— Data listing —
^^^^^^^^

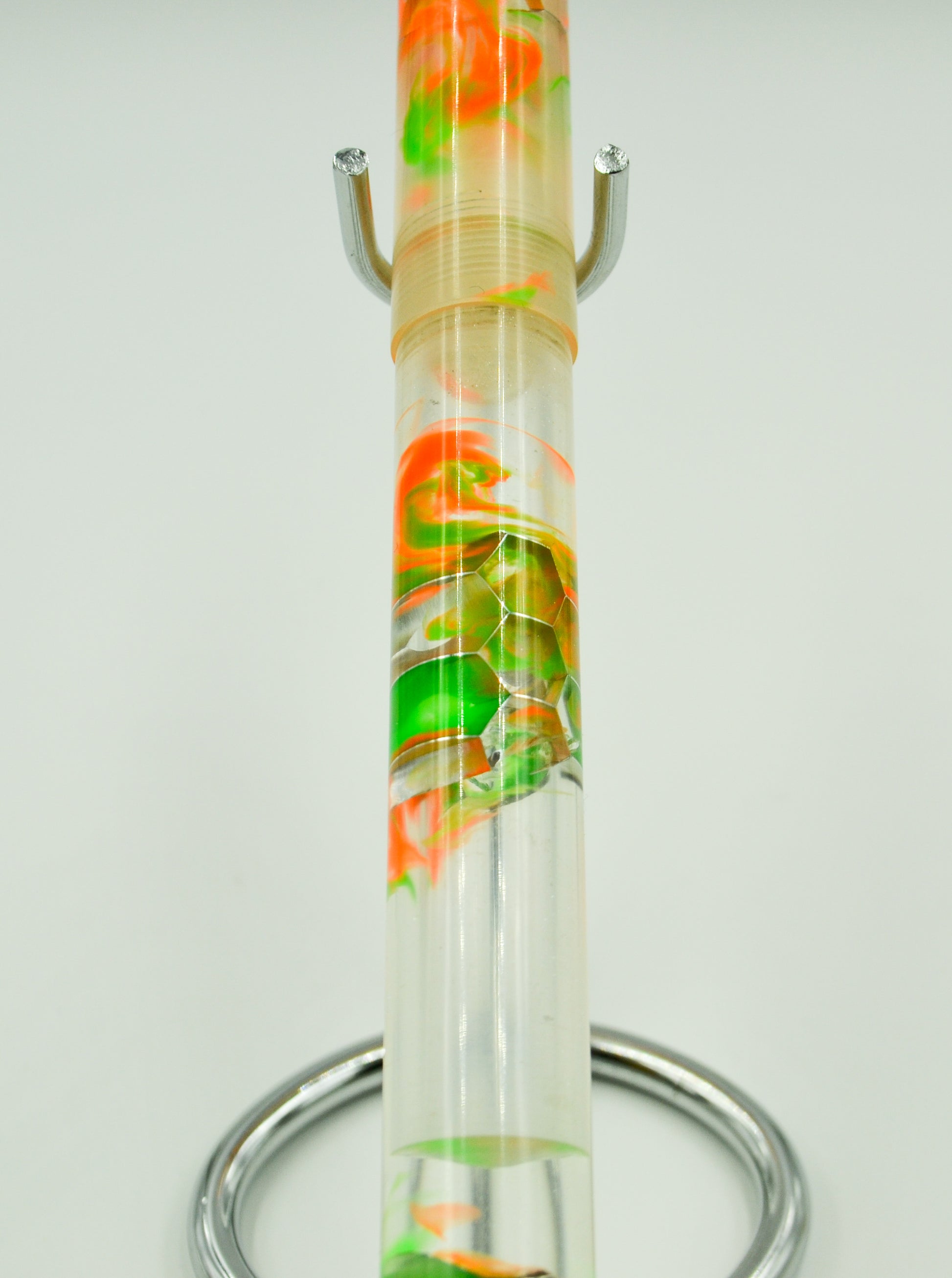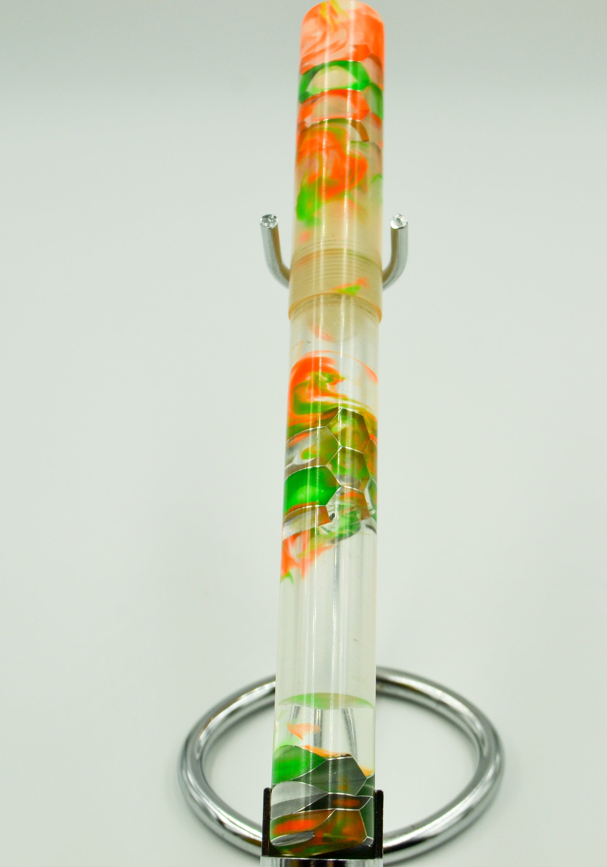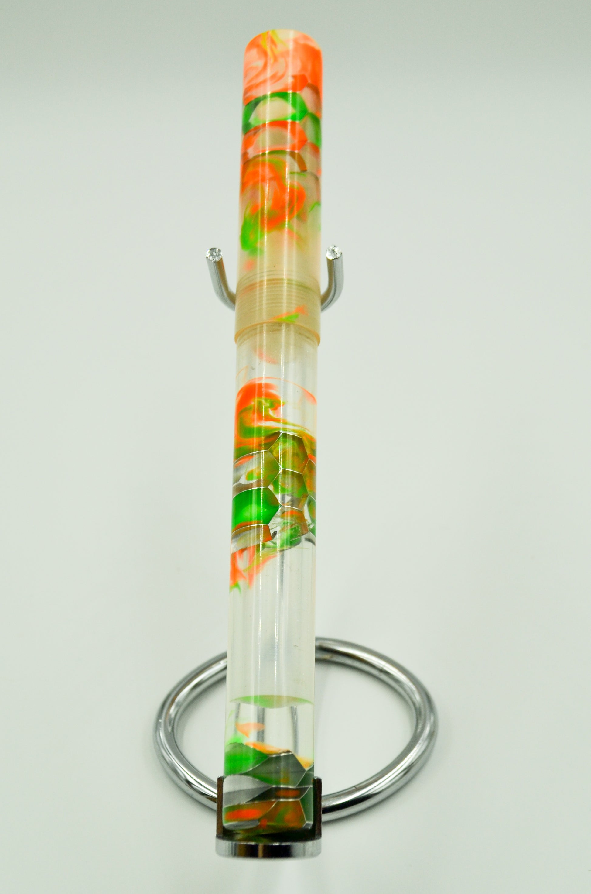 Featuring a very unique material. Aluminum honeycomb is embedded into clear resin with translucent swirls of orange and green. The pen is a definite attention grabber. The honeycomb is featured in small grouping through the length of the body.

^^^^^^^^

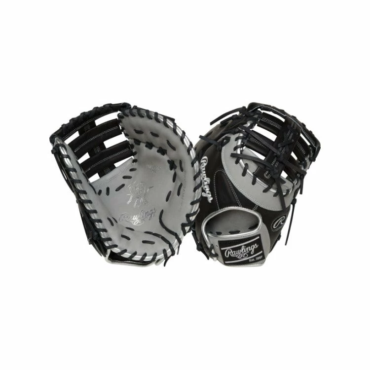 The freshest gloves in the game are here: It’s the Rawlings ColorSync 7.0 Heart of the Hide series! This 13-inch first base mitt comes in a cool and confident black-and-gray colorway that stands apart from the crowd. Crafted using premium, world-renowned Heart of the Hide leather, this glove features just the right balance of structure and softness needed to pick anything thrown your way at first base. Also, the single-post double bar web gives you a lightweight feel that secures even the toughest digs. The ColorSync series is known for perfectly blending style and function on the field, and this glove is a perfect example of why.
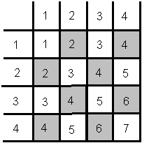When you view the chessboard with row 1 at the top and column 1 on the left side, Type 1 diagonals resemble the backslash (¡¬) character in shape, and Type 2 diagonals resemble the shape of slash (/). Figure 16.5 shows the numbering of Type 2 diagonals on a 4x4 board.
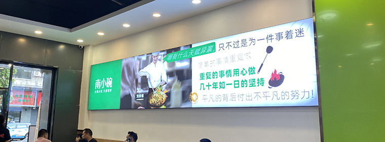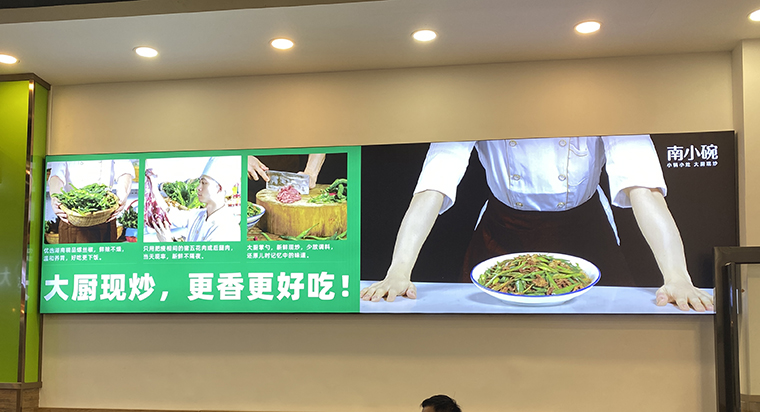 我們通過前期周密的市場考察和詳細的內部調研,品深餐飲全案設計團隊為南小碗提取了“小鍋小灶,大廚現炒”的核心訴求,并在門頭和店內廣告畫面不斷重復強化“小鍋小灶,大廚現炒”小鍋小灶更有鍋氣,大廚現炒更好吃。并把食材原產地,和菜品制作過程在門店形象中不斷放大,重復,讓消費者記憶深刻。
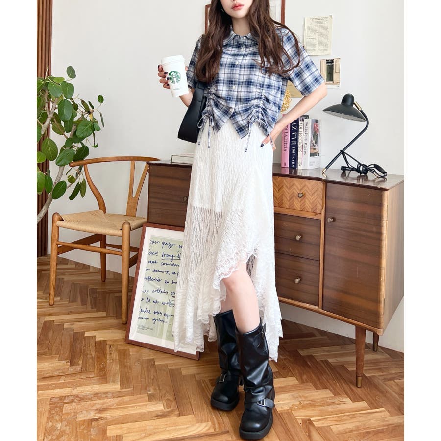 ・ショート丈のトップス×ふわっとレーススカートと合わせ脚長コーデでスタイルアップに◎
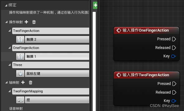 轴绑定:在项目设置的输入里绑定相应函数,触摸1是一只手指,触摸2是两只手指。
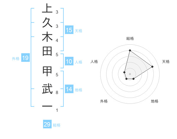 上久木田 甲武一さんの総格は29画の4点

^^^^^^^^

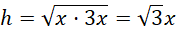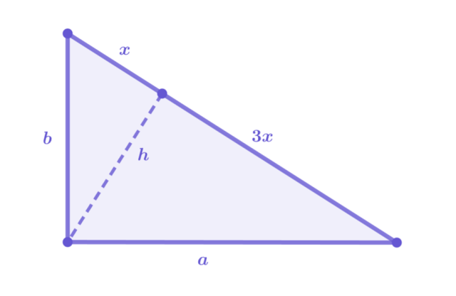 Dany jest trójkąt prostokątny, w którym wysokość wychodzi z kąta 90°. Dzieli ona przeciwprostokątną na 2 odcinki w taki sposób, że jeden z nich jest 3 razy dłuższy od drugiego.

^^^^^^^^

— Required action —
The expected output is the lines above from the one containing "When you view" to the one containing "我們通過前期周密的市場考察和", both ends included, reproduced exactly with every picture left out.

— Exercise output —
When you view the chessboard with row 1 at the top and column 1 on the left side, Type 1 diagonals resemble the backslash (¡¬) character in shape, and Type 2 diagonals resemble the shape of slash (/). Figure 16.5 shows the numbering of Type 2 diagonals on a 4x4 board.
 我們通過前期周密的市場考察和詳細的內部調研,品深餐飲全案設計團隊為南小碗提取了“小鍋小灶,大廚現炒”的核心訴求,并在門頭和店內廣告畫面不斷重復強化“小鍋小灶,大廚現炒”小鍋小灶更有鍋氣,大廚現炒更好吃。并把食材原產地,和菜品制作過程在門店形象中不斷放大,重復,讓消費者記憶深刻。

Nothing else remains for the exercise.